*Exercise data*.
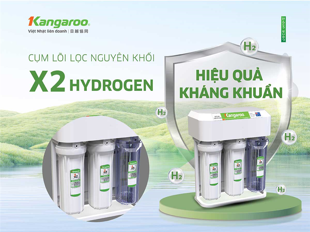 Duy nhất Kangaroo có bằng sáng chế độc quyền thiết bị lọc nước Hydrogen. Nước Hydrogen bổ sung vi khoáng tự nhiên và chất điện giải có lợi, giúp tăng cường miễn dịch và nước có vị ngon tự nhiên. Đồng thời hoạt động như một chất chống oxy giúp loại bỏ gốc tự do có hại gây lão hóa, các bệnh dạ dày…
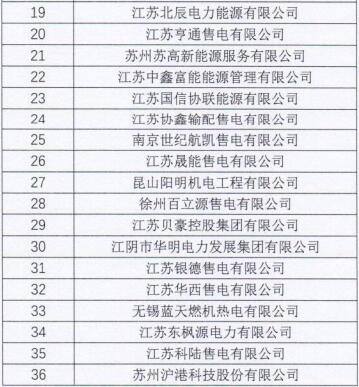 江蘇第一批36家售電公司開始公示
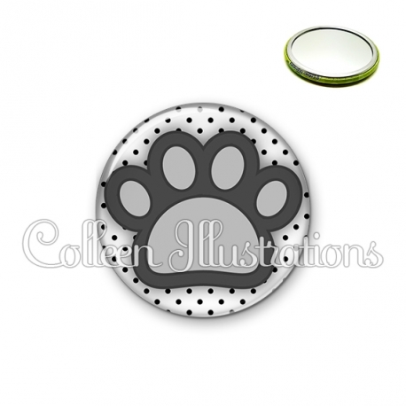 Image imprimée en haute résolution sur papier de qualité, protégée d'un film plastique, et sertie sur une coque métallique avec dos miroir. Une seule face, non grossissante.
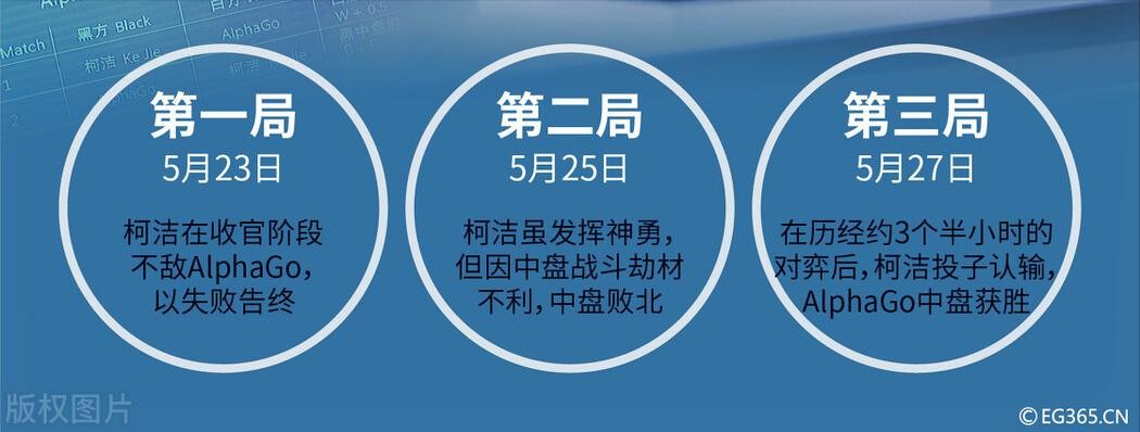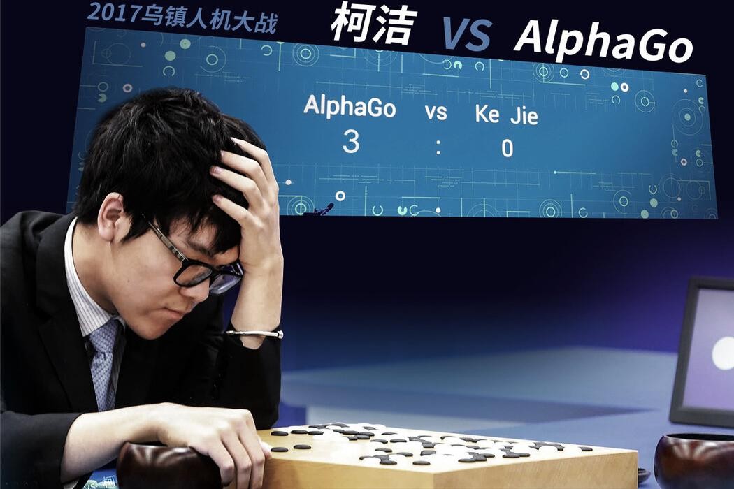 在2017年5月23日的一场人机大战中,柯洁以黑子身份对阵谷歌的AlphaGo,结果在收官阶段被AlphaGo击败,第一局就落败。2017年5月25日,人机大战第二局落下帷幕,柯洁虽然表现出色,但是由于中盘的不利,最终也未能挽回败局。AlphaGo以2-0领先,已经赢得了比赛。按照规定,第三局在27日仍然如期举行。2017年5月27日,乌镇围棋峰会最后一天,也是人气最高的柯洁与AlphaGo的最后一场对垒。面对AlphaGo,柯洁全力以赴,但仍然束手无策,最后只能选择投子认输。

*Prompt*. The reply should contain every line of the material exactly, and no images.

*Written reply*.
 Duy nhất Kangaroo có bằng sáng chế độc quyền thiết bị lọc nước Hydrogen. Nước Hydrogen bổ sung vi khoáng tự nhiên và chất điện giải có lợi, giúp tăng cường miễn dịch và nước có vị ngon tự nhiên. Đồng thời hoạt động như một chất chống oxy giúp loại bỏ gốc tự do có hại gây lão hóa, các bệnh dạ dày…
 江蘇第一批36家售電公司開始公示
 Image imprimée en haute résolution sur papier de qualité, protégée d'un film plastique, et sertie sur une coque métallique avec dos miroir. Une seule face, non grossissante.
 在2017年5月23日的一场人机大战中,柯洁以黑子身份对阵谷歌的AlphaGo,结果在收官阶段被AlphaGo击败,第一局就落败。2017年5月25日,人机大战第二局落下帷幕,柯洁虽然表现出色,但是由于中盘的不利,最终也未能挽回败局。AlphaGo以2-0领先,已经赢得了比赛。按照规定,第三局在27日仍然如期举行。2017年5月27日,乌镇围棋峰会最后一天,也是人气最高的柯洁与AlphaGo的最后一场对垒。面对AlphaGo,柯洁全力以赴,但仍然束手无策,最后只能选择投子认输。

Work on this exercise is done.